SUPPLIED MATERIAL below:

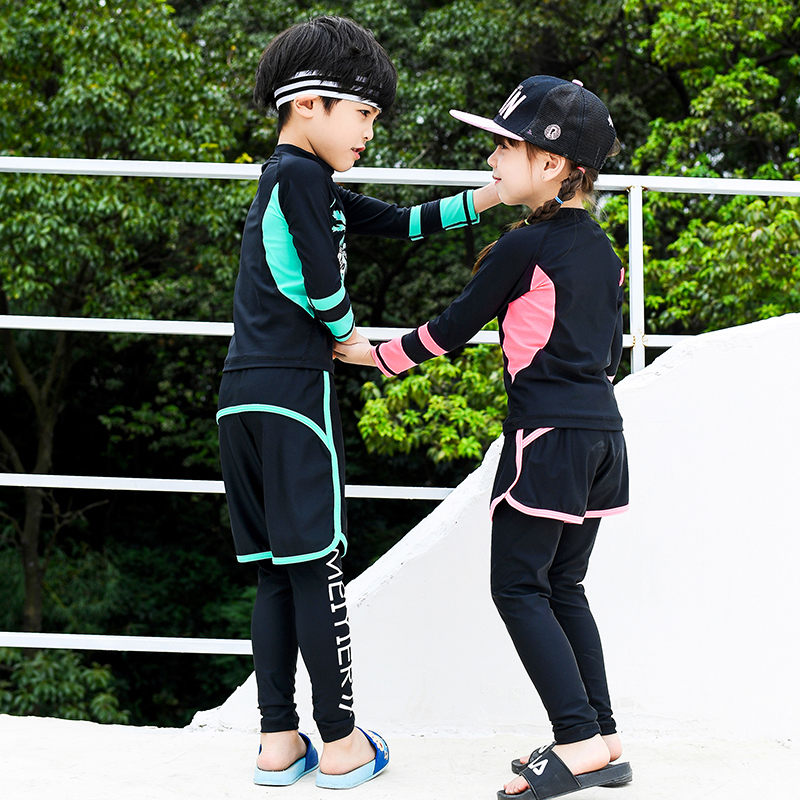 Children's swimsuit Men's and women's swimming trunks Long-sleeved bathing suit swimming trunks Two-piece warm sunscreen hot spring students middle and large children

End of SUPPLIED MATERIAL.
SUPPLIED MATERIAL below:

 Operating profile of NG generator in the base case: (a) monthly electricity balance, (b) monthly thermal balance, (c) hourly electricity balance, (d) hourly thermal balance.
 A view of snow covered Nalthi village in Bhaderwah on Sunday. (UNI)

End of SUPPLIED MATERIAL.

| YOUR OBJECTIVE |
Please, from the entries above, set down exactly the lines from the one containing "Operating profile of" through the one containing "A view of snow", and only those.

| TASK RESPONSE |
 Operating profile of NG generator in the base case: (a) monthly electricity balance, (b) monthly thermal balance, (c) hourly electricity balance, (d) hourly thermal balance.
 A view of snow covered Nalthi village in Bhaderwah on Sunday. (UNI)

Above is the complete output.